Automotive Finances & Money

A Budget is your Financial Seatbelt

Growing up, I’ll admit that our family never wore our seatbelts. It was before there were rules about wearing them, and it was just accepted not to wear one. Granted, I grew up in Pennsylvania where they still fight helmet laws for motorcycles. But for some reason, when I began driving, I wore my seatbelt. In a way, I knew I couldn’t trust my own driving, and luckily that belt saved me when I crashed head-on into a telephone pole just months after getting my license.

Today I got an email from our city’s distribution list that they’re participating in the county’s new seatbelt check program, and for some reason I flashed back to those days of riding around without a seatbelt and how I now force all my riders to also wear theirs (even my parents!), at least when I’m driving. And for some reason my mind made a connection between personal finance and auto safety: a budget is just like your own financial seatbelt! Hear me out on this one…

The shared purpose of Budgets and Seatbelts

The biggest reason I hear most from people, including my family, about why they don’t wear their seatbelt is this:

It’s too restraining and uncomfortable

Some people simple don’t like that feeling of something holding them back, or worry that they’re too locked in to escape when needed. Can you see the parallel with financial budgets yet? No? Let me ask you a question: Do you have a budget? No? Why not? I bet you’ll give one or more of the following reasons:

  1. It’s too restraining: You think a budget will hold you back from having fun, or being fun when you’re with friends. Even if you set aside $1000 for a “Fun” category and only ever spend $100 normally, you’ll still think it’s too restraining. You just don’t like authority, or pressure, or feeling confined, so you refuse to set any sort of limits for yourself.
  2. It’s too hard: I’ll admit that it’s daunting to figure out your expenses and income for the first time, and then continually revisit your budget, but after a while it’s “set it and almost forget it”. You know it’s there and you’ve trained yourself to subconsciously monitor your spending to keep yourself in check without having a sheet of paper reminding you.
  3. It’s too uncomfortable: Just like a seatbelt can chaff your next or squeeze against your gut (like mine), a poorly configured budget can irritate you or your family so much that you just throw it away and never use it.
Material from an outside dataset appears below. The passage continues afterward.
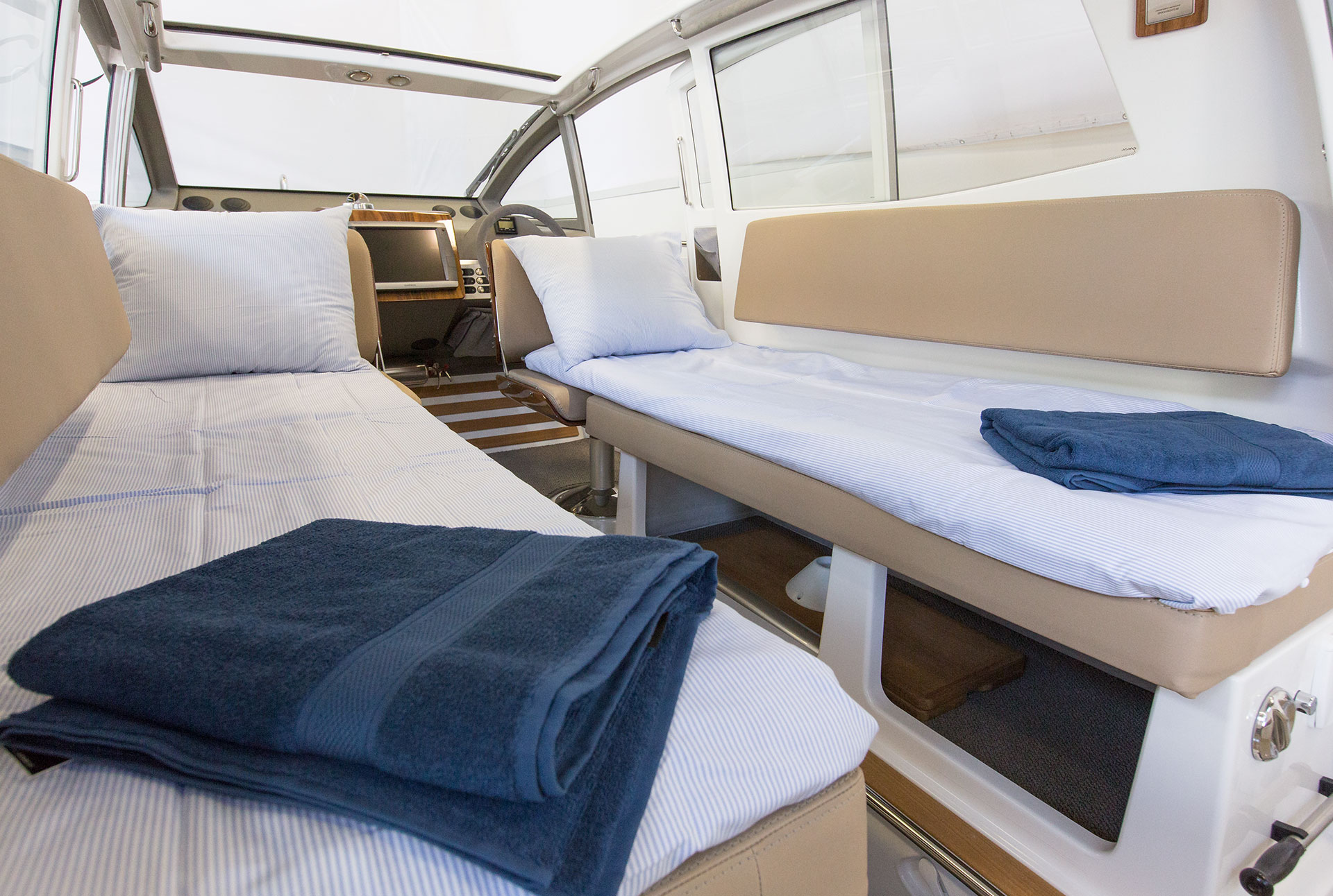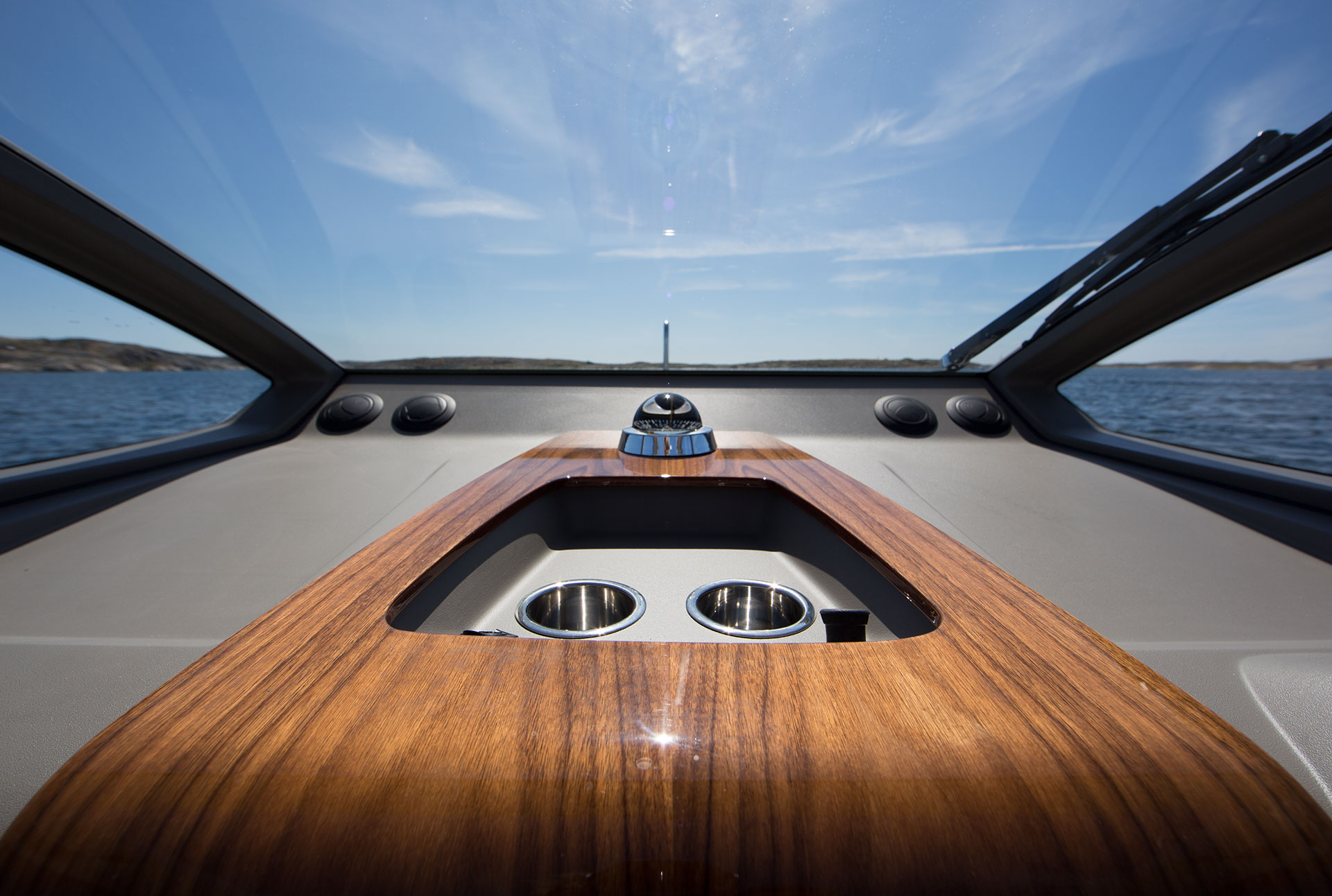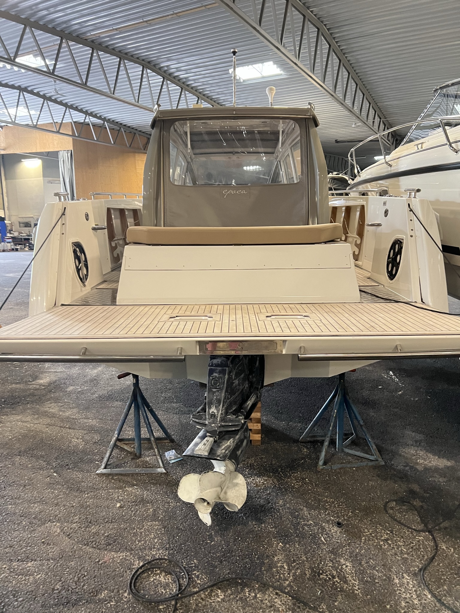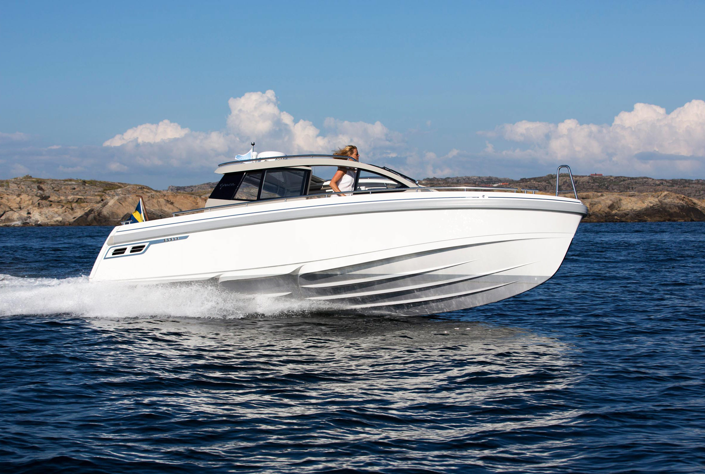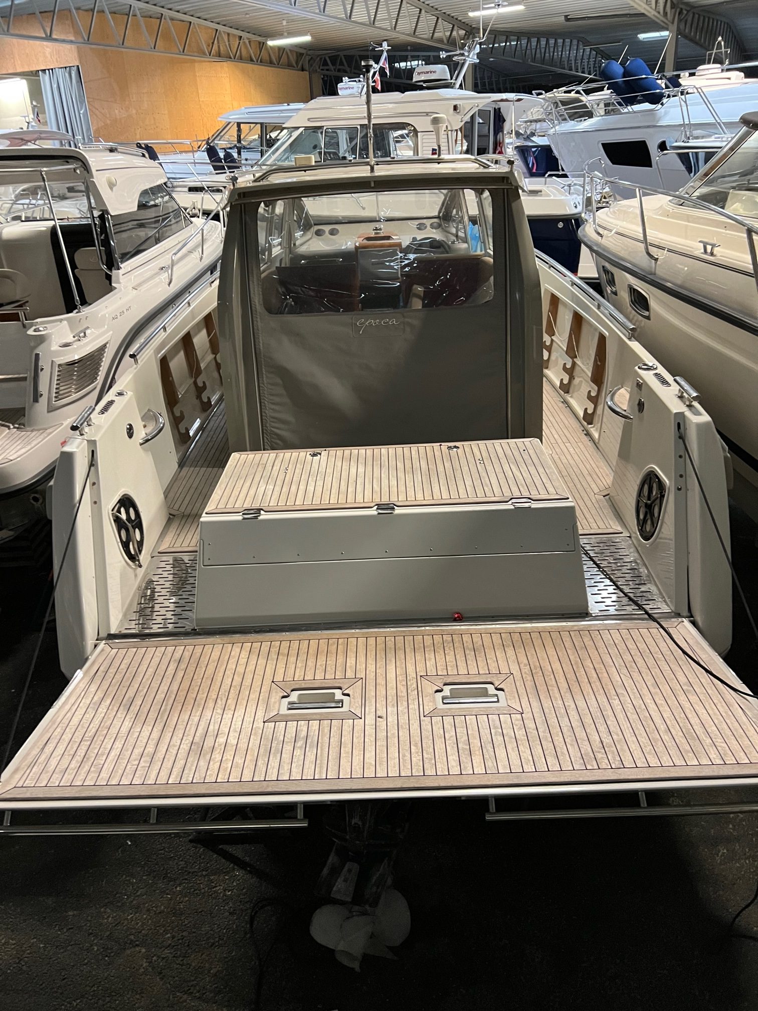 Epoca Coupé erbjuder en lyxig ombonad förarmiljö med bilkänsla. En rymlig coupé med plats för 6 till 8 personer med stort öppningsbart canvastak. Båten har övernattningsmöjlighet för två personer med två meters ligglängd. Dessutom har båten elektriskt fällbar akterspegel, badbrygga med integrerad bad-, och räddningsstege, rymlig ljus toalett med handfat och extra bred avbärarlist. Epoca Coupé är en multifunktionell båt för den moderna familjen samtidigt som den har det där lilla extra i form av omsorgsfullt hantverk och kvalitetskänsla. Möjligheten att köra i alla fartregister med låg planingströskel och sund bränsleekonomi ger en trygg och behaglig känsla för alla ombord. Det är en båt för en, två eller åtta personer i alla åldrar som vill åka, transportera, umgås, sola, bada, fiska, övernatta eller bara njuta av solnedgången. Tack vare att ingången till toaletten går via fördäcket är förarplatsen utformad precis så som vi vill att den skall vara. Det vill säga optimerad för föraren med bra sikt åt alla håll, lagom med instrument och ett stort fastmonterat plotter i mitten. Här njuter du av båtturen och sällskapet utan att bli distraherad.

But configuring both your seatbelt and your budget to the most appropriate settings takes time and practice before you know just where they should fit to both protect you and still feel comfy.
  4. What if an emergency happens? You’ve seen movies where someone is stuck on the train tracks and can’t get out of their seatbelt. Or they’ve driven into the water and can’t get that buckle undone in time. C’mon people, seatbelts are made to hold you when you need held and release you when you need to go. Similarly, a budget is just a piece of paper or electronic file that tells you where you should be (you have to do the work to figure out where you currently are), but it’s flexible to adapt to your lifestyle.

Simply, a budget is there to protect you, but you can modify it if it feels smothering or unsafe. If you feel like you’re throwing too much into savings and aren’t carrying enough in your checking to cover bills each month, then fix it. If you’re feeling stressed out, then up your entertainment or recreation budget. It’s simply a guide and safety mechanism, not a control device.

The seatbelt/budget won’t stop you from driving off the road, but with proper planning (i.e. fastening the belt properly…or budgeting enough for emergencies), it can save you from personal or financial injury.

PS: Here’s a great list of budget templates if you need to start fresh again.

Photo by Criterion

About the author

Clever Dude


  • Nice analogy and it is true. A budget an help protect against multiple financial issues and more than anything can help calm a persons fear and keep them safe.

  • I am all for those needing budgets to get one, when younger, we did have one — on a 13 column accounting pad – and each week the money went into the bank, the amts. divided to each category. At that time, we had $0 for clothes, and $0 for food, and were “technically” $15.00 short of needed $$ per week. However that extra pay week that comes twice a year – would “make it work”…that and having chickens, growing, canning, bartering wood from our property for things we needed. We were fortunate because we had cherry trees that were abundant producers, and wild strawberries that made the best jam.
    Today we are budgetless — but we have made our way over the million mark a few times. Those early frugal ways however really did pay off ~ because today we still follow all the same principles ~ and no matter our income (been cut 2/3 in last 3 years) we still have $$ left over for saving.